[TIL] 데이터분석 데브코스 48일차 (3) - Kaggle 데이터로 SVM, 의사결정나무 모델 활용 머신러닝 실습

데이터 분석 Data Analytics/프로그래머스 데이터분석 데브코스 2기

[TIL] 데이터분석 데브코스 48일차 (3) - Kaggle 데이터로 SVM, 의사결정나무 모델 활용 머신러닝 실습

상급닌자연습생 2024. 4. 24. 23:18

🔗 실습 링크 : https://www.kaggle.com/datasets/sjleshrac/airlines-customer-satisfaction

Airlines Customer satisfaction

Customer satisfaction with various other factors

www.kaggle.com

SVM을 활용한 풀이

1단계. 데이터 로드 및 전처리

import numpy as np
import pandas as pd
from sklearn.model_selection import train_test_split

seed = 1234
np.random.seed(seed)

# 데이터 로드
data_path = '/content/Invistico_Airline.csv'
airplane = pd.read_csv(data_path)

NA값제거
지연시간5시간이상제거
범주형 데이터 인코딩
상관도를 바탕으로 15개 특성 추출
20%기준으로 학습 및 평가데이터 분할

# 데이터 자료형에 따른 column 구분

y_column = ['satisfaction']
numeric_columns = ['Age', 'Flight Distance',
                   'Departure Delay in Minutes', 'Arrival Delay in Minutes']
ordinal_columns = ['Seat comfort', 'Departure/Arrival time convenient',
                   'Food and drink', 'Gate location',
                   'Inflight wifi service', 'Inflight entertainment',
                   'Online support', 'Ease of Online booking',
                   'On-board service', 'Leg room service',
                   'Baggage handling', 'Checkin service',
                   'Cleanliness', 'Online boarding']
category_columns = ['Gender', 'Customer Type',
                    'Type of Travel', 'Class']

# na값 제거
airplane_cleaned = airplane.dropna()

# 지연 시간 5시간 이상은 제거
time_limit = 300
airplane_cleaned = airplane_cleaned[(airplane_cleaned['Arrival Delay in Minutes'] < time_limit) &
                                    (airplane_cleaned['Departure Delay in Minutes'] < time_limit)]

# 카테고리형 변수 인코딩
airplane_cate_encoded = pd.get_dummies(airplane_cleaned[category_columns], drop_first=True)
airplane_target_encoded = pd.get_dummies(airplane_cleaned[y_column], drop_first=True)
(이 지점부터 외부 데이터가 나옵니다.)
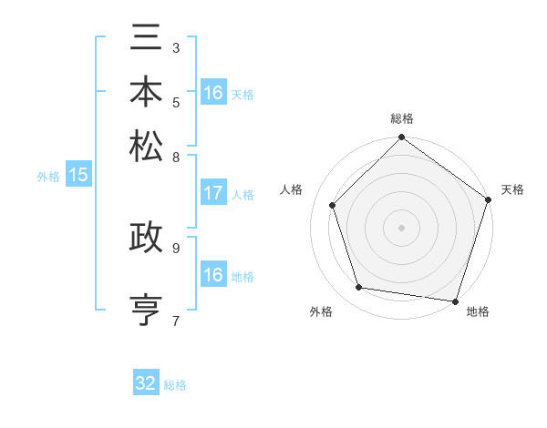 三本松 政亨さんを姓名の画数から五運を鑑定

airplane_combined = pd.concat([airplane_target_encoded,
                               airplane_cleaned[numeric_columns + ordinal_columns],
                               airplane_cate_encoded],
                              axis=1)

# 상관 관계를 바탕으로 15개의 특징만 추출
# 추출할 특징의 이름 ↓
y_column = ['satisfaction_satisfied']
ext_ordinal_columns = ['Inflight entertainment', 'Ease of Online booking',
                       'Online support', 'On-board service',
                       'Online boarding', 'Leg room service',
                       'Checkin service', 'Baggage handling',
                       'Cleanliness', 'Seat comfort',
                       'Inflight wifi service', 'Food and drink']
ext_category_columns = ['Customer Type_disloyal Customer', 'Class_Eco',
                        'Gender_Male']

# 추출된 특징만을 포함할 데이터
ext_airplane_combined = airplane_combined[y_column + ext_ordinal_columns + ext_category_columns]

# 학습 및 평가 데이터 분리
X = ext_airplane_combined.drop(y_column, axis=1)
y = ext_airplane_combined[y_column]
X_train, X_test, y_train, y_test = train_test_split(X, y,
                                                    test_size=0.2,
                                                    random_state=42)

X_train.info()

📌 하나의 셀을 실행시킬 때 얼만큼 시간이 걸렸는지 측정해주는 매직 키워드

%%timeit

► `854 ms ± 21.5 ms per loop (mean ± std. dev. of 7 runs, 1 loop each)`

1개의 루프 안에 7번의 fitting 실행이 있었음
약 854 ms 정도의 시간이 걸림

2단계. SVM 모델을 활용한 학습

RBF 커널 사용
슬랙 변수 `C = 0.1`로 설정
SVM은 원래 시간이 매우 오래 걸린다. (실습 데이터 기준 약 30분 소요)
SVM의 시간복잡도 :

from sklearn.svm import SVC

svm = SVC(kernel='rbf', C=0.1)

%%timeit
svm.fit(X_train, y_train)

3단계. 학습 SVM 모델을 활용한 예측 및 평가 진행

# 예측 수행
y_train_pred_svm = svm.predict(X_train)
y_test_pred_svm = svm.predict(X_test)

# 평가 지표 계산: 정확도 (맞은수/전체)
acc_train = accuracy_score(y_train, y_train_pred_svm)
acc_test = accuracy_score(y_test, y_test_pred_svm)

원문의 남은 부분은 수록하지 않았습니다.